Prove that $\lim\limits_{n\rightarrow\infty} \left(1+\frac{1}{a_{n}} \right)^{a_{n}}=e$ if $\lim\limits_{n\rightarrow\infty} a_{n}=\infty$
Hint:
$$\left(1 + \frac{1}{\lfloor a_n \rfloor+1} \right)^{\lfloor a_n \rfloor} \leqslant \left(1 + \frac{1}{a_n} \right)^{a_n} \leqslant \left(1 + \frac{1}{\lfloor a_n \rfloor} \right)^{\lfloor a_n \rfloor+1}, $$
and
$$\left(1 + \frac{1}{n+1} \right)^n, \left( 1 + \frac{1}{n} \right)^{n+1} \to e$$
Given that $\lim_{n\to\infty }b_n = \lim_{n\to\infty }\frac{1}{a_{n}}=0$ we have,
$$\lim_{n \to\infty} \left(1 + \frac{1}{a_{n}} \right) ^ {a_{n} } = \lim_{n \to\infty} \exp\left(\frac{\ln\left(1 + \frac{1}{a_{n}} \right)}{\frac1{a_{n}}} \right)= \lim_{h \to0} \exp\left(\frac{\ln\left(1 +h \right)}{h} \right)=e$$
similarly
$$\lim_{n \to\infty} \left(1 +b_n \right) ^ { \frac{1}{b_{n}}} = \lim_{n \to\infty} \exp\left(\frac{\ln\left(1 + b_n\right)}{b_n} \right)= \lim_{h \to0} \exp\left(\frac{\ln\left(1 +h \right)}{h} \right)=e$$
For $|t|<1$, note that $t-{1 \over 2} t^2 \le \log(1+t) \le t$ and so $|\log(1+t)-t| \le {1 \over 2} t^2$.

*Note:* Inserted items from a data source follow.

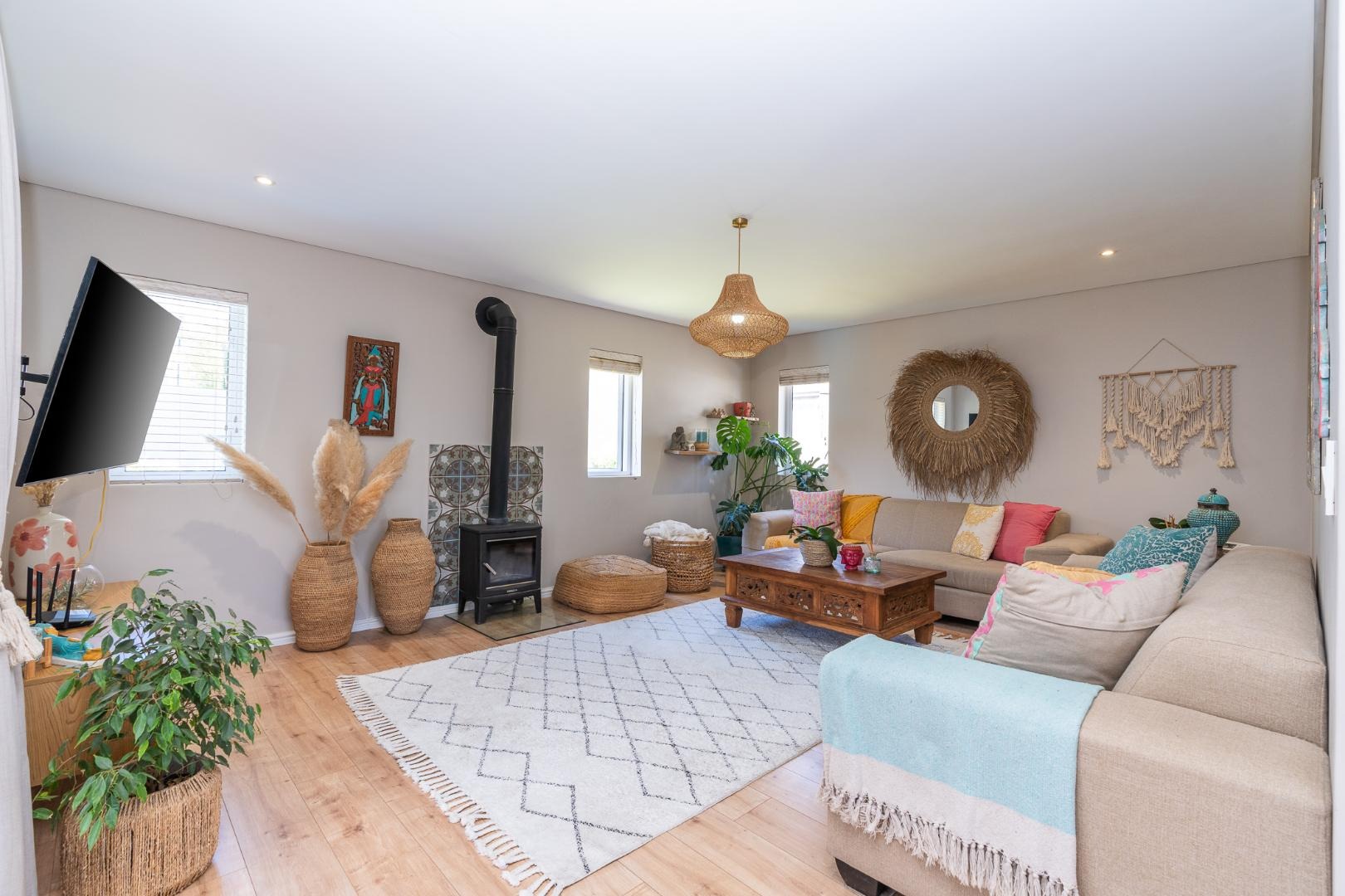 The dining and lounge areas are enhanced by stack doors that open to reveal a spectacular entertainment space and pool area, complete with a Nordflam cast iron stove that adds warmth and ambiance.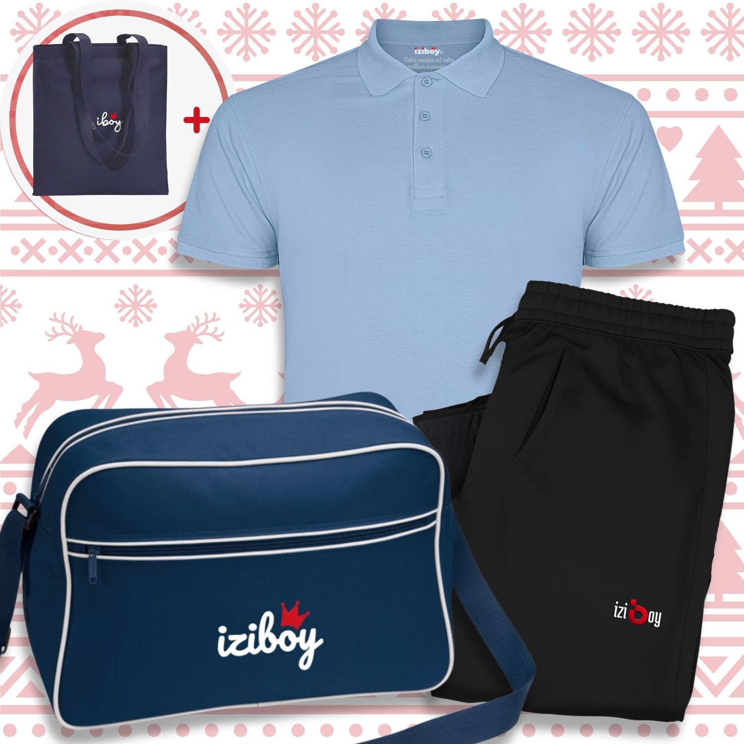 Sac de sport iziboy, polo 100% coton, jogging signature noir et sac cadeau. Style dynamique, confort absolu et -25% du PVC.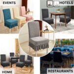 • The HOMSEF dining room chair covers are with the trendy pattern jacquard fabric and ruffled skirt design, These chair covers make your chair more stylish and classy, and freshen up your home decoration, and extend the life of the chair to save your money. Decorative chair covers can be used for dining rooms, Wedding banquets, restaurants, Hotels, Parties, Ceremonies, etc.
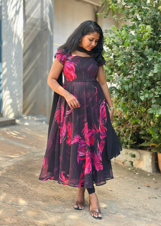 Black with Pink feather print Anarkali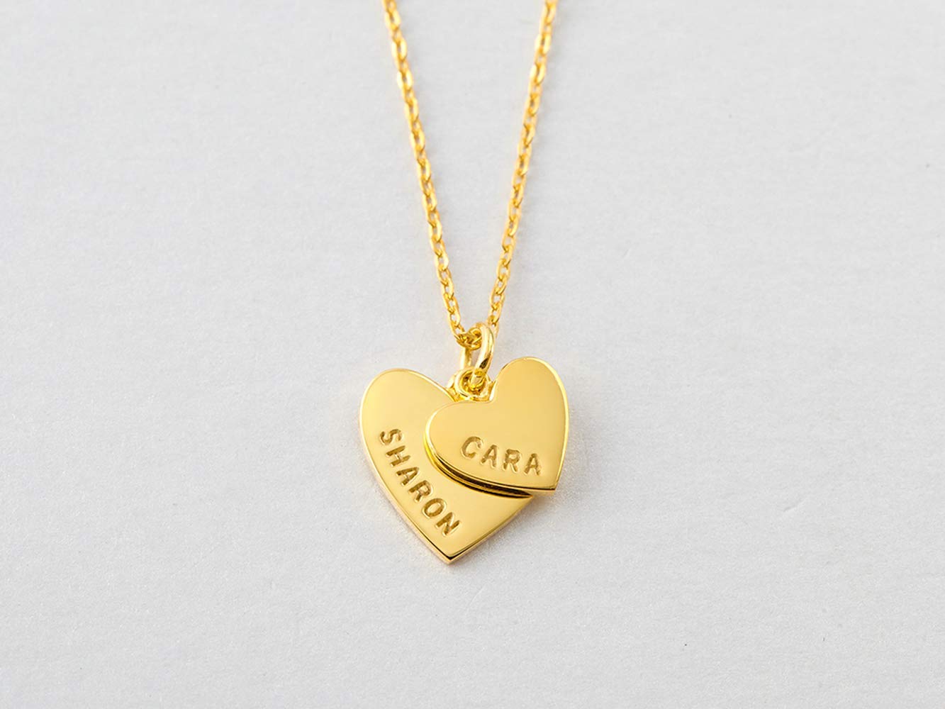 Personalized Double Heart Pendant Necklace with 2 Engraved Names or Any Text 925 Sterling Silver/Copper- Amazon.com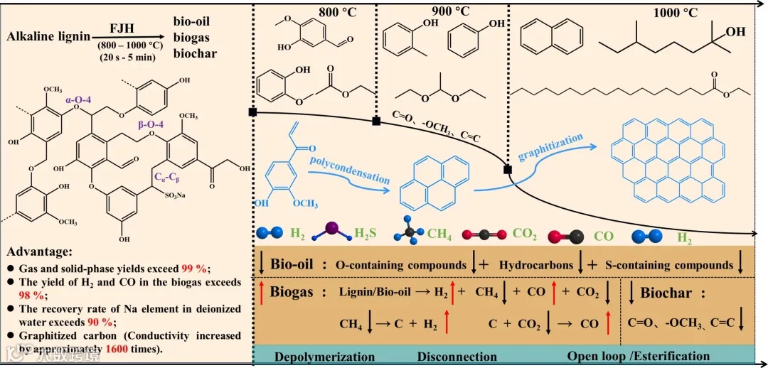 高效转化:研究在800至1000°C范围内探索了碱木质素的热解过程,发现气相产物中H₂和CO占比超过98%,而CO₂和CH₄的排放几乎为零。 -

Hence for $|x|>1$ we have $|\log(1+{1 \over x})-{1 \over x}| \le {1 \over 2} ({1\over x})^2$ and so $|x\log(1+{1 \over x})-1| \le {1 \over 2} {1\over |x|}$.
Hence $\lim_{x \to \infty} x\log(1+{1 \over x}) =\lim_{x \to \infty} \log(1+{1 \over x})^x = 1$ from which it follows that $\lim_{x \to \infty} (1+{1 \over x})^x = e$.
One does L'Hospital to show that $\lim_{x\rightarrow\infty}\left(1+\dfrac{1}{x}\right)^{x}=e$, then one does sequential characterisation of limit. Similar reasoning applied to $b_{n}\rightarrow 0$ case.
Let's do the 1st one ...
One of the logarithmic inequalities says: $$\frac{x}{1+x} < \ln (1 + x) < x, \forall x > -1$$
Because $\lim\limits_{n\rightarrow \infty} a_n \rightarrow \infty$, then $a_n > 0$ and $\frac{1}{a_n} > 0$ from some $n$ onwards. So $$0<\frac{1}{a_n+1}=\frac{\frac{1}{a_n}}{1+\frac{1}{a_n}} < \ln\left(1 + \frac{1}{a_n}\right) < \frac{1}{a_n}$$ Given $e^x$ is ascending: $$1<e^{\frac{1}{a_n+1}} < 1 + \frac{1}{a_n} < e^{\frac{1}{a_n}}$$ and from some $n$ onwards $$e^{\frac{a_n}{a_n+1}} < \left(1 + \frac{1}{a_n}\right)^{a_n} < e$$ Squeeze theorem finishes the proof.